Such a limited pool of candidates, André noted, created issues: “Those teachers are very good at speaking Portuguese, they have excellent proficiency, unparalleled generosity, huge amounts of enthusiasm… but speaking Portuguese well does not make you a good foreign language professor.”
To improve their efficacy as educators, “these young Chinese needed support. And that support means training.” Providing this type of ongoing teacher training is a central focus of IPM’s Portuguese Language Teaching and Research Centre – and its “biggest asset,” according to André. “We don’t train people to become teachers, we provide training to actual teachers.”
Despite centuries of Portuguese rule before the handover in 1999, little Portuguese is spoken on the streets of Macao; less than 10 per cent of the population claim fluency in the language. Neves downplayed this, noting that the goal of the efforts to promote Portuguese language teaching is not to reproduce here “the situation of a country where Portuguese is the official language.”

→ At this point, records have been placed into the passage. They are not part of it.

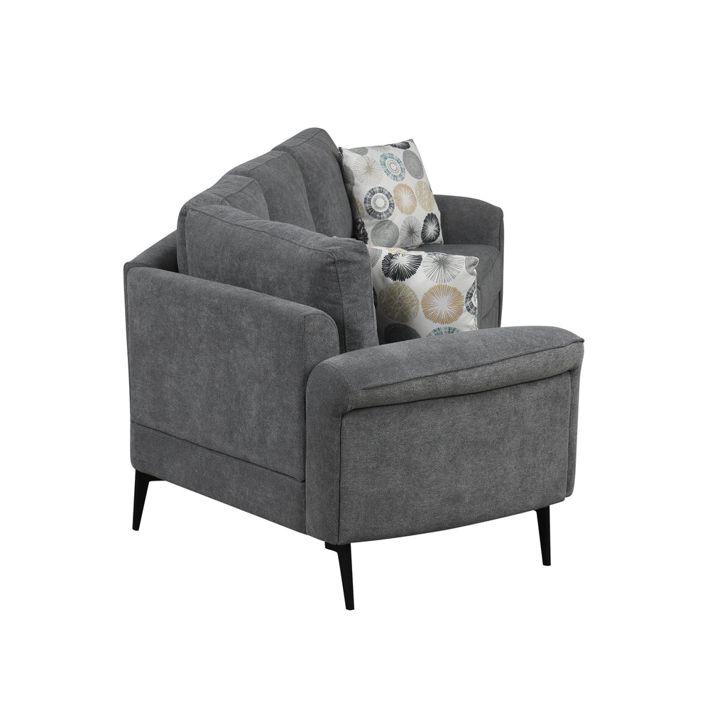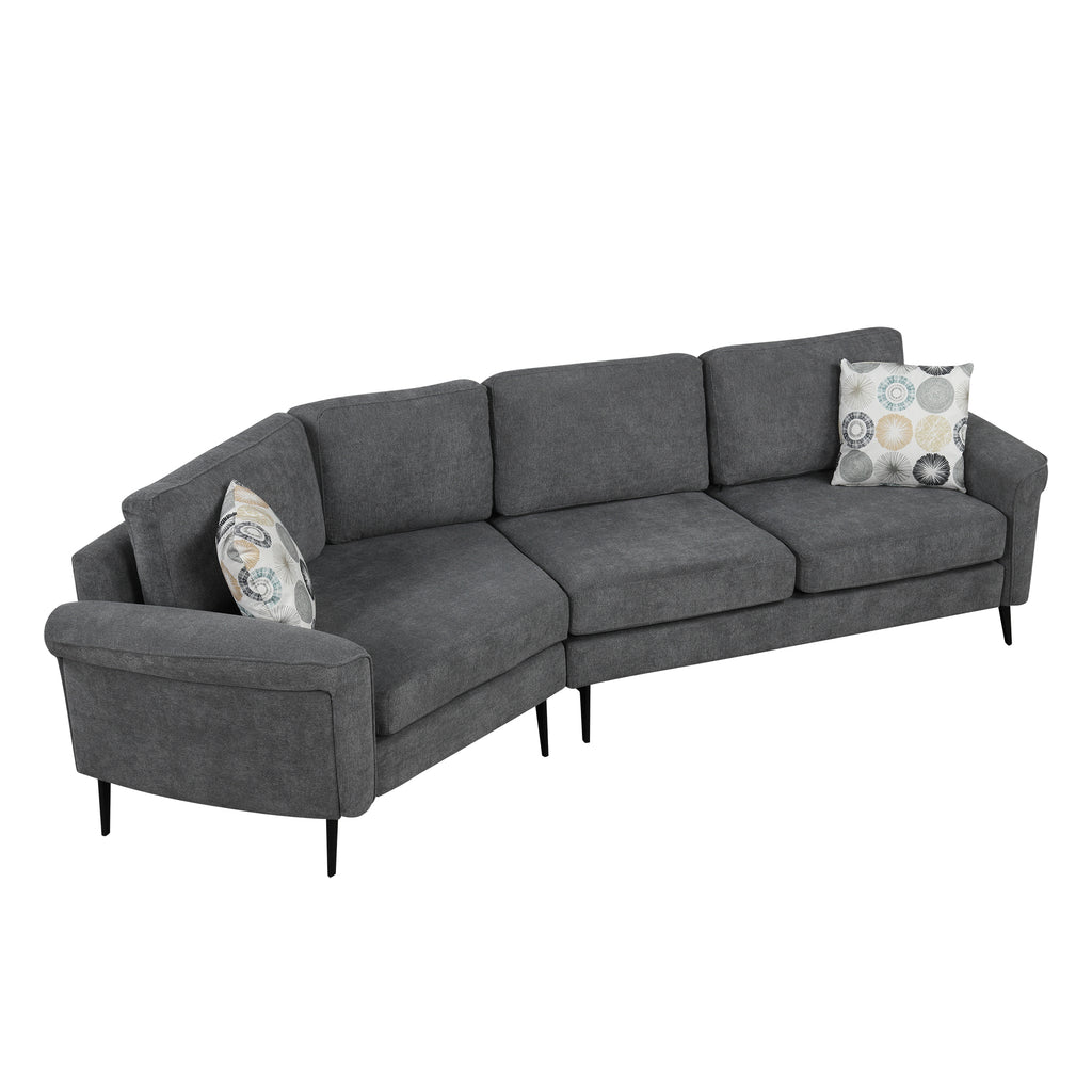 This three-seat sofa offers a perfect combination of style, comfort, and functionality. Its ergonomic armrests are thoughtfully designed with a gentle curve to match the natural contours of the body, ensuring superior support and relaxation. The sleek, curved design adds a touch of elegance and promotes a more relaxed seating posture. Durable metal legs provide sturdy support while elevating the sofa for a light and spacious feel, complementing its modern aesthetic. Additionally, the sofa comes with two removable patterned pillows that enhance its visual appeal and offer practical versatility, as they are easy to clean or swap out for a refreshed look. This sofa is an ideal choice for those seeking comfort, durability, and timeless elegance in their living space.
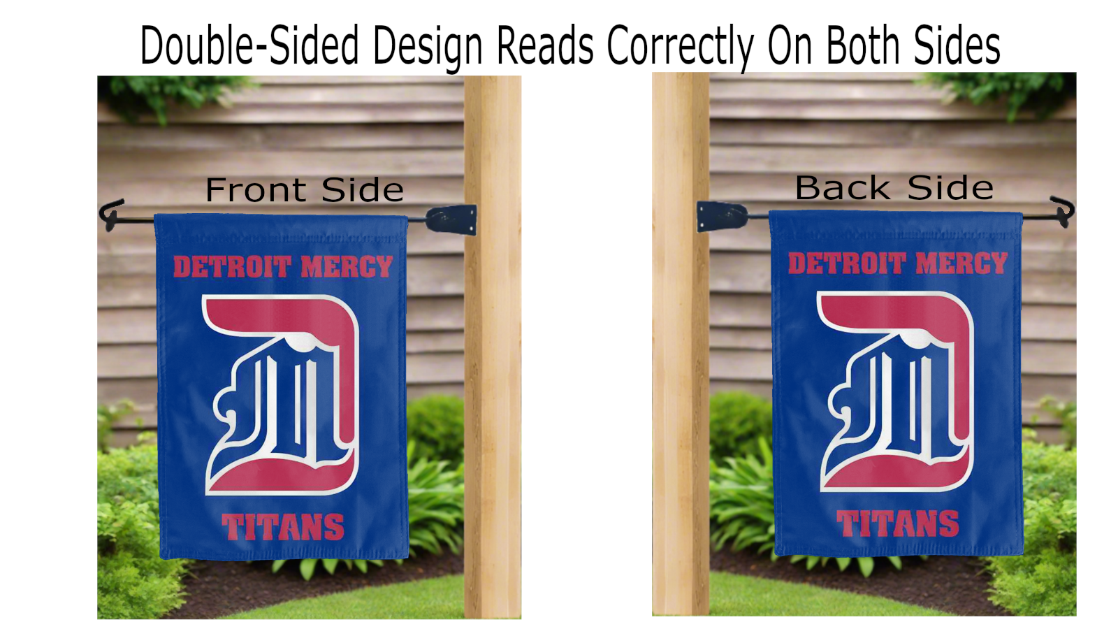 Let your voice scream "Go Titans!" with this NCAA Officially Licensed, blue 13" x 18" University of Detroit Mercy D Titans Garden flag! Made of 2-ply polyester, this flag is the result of two dye-sublimated flags sewn together with a middle liner sewn in between them to stop the see-through, allowing the University of Detroit Mercy D Titans logo to look clear and read correctly on both sides. The sleeve across the top makes it easy for you to insert the flag into your garden flag stand. No matter where you are, this garden flag is sure to make it clear your loyalty lies with the University of Detroit Mercy Titans on game day.
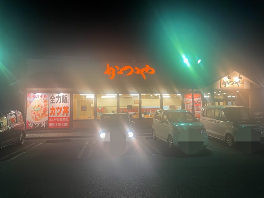 夜でも迷わない、オレンジ看板が目印の「かつや」
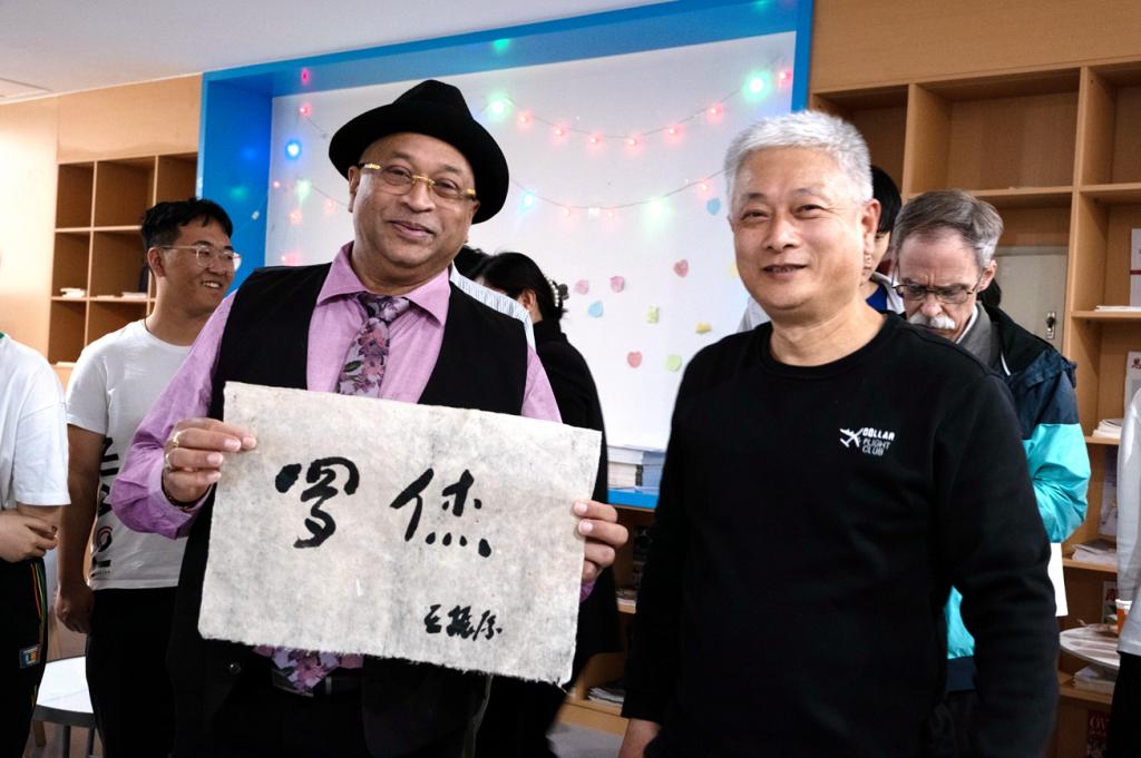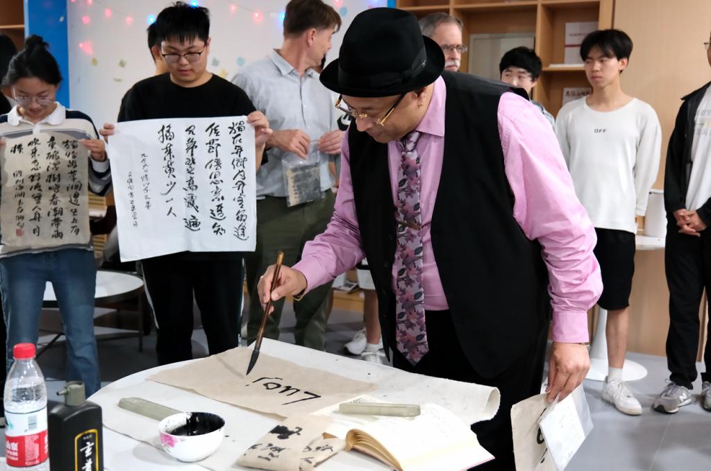 活动现场,师生共同习书法,临写颜真卿、柳公权书法作品,为外教书写中文名字,赠送画作,外籍教师沉浸式感受中国书法的魅力。

“It’s unreasonable to think that way,” he argued. “What’s Yao Jing Ming, head of the Portuguese Department of the University of Macau fundamental is the Portuguese language’s presence in strategic sectors of activity of the society, economy, and administration – and yes, that’s a concern.
We would like the Portuguese language to be present for whoever wants it, so that any citizen can have access to it.” Yao countered that this emphasis on Portuguese language training – appropriate given the much larger population of Chinese speakers – should not preclude efforts to engage the rest of Macao.
“Bilingual training cannot be just for the Chinese. Our view on this matter has to be expanded. It has to evolve to bring Portuguese and Macanese into the bilingual training plan,” he said. “They also live in this bilingual environment.”
That’s why Yao believes the government should create a plan that would “include Chinese heading to Portugal and Brazil, for example, while also encouraging Portuguese and Macanese to learn Chinese in mainland China, Taiwan, or Macao.”
He considers it vital to motivate “Portuguese and Macanese to learn Chinese.”
“That is the way to effectively create more bilingual personnel, making Macao the hub for that training. In other words,” he explained, “an action line in both directions and with three actors: Chinese, Portuguese and Macanese.”
The primary focus, however, remains on the Portuguese language, and how accelerating dissemination in Macao, and China more broadly, serves long‐term political and economic goals.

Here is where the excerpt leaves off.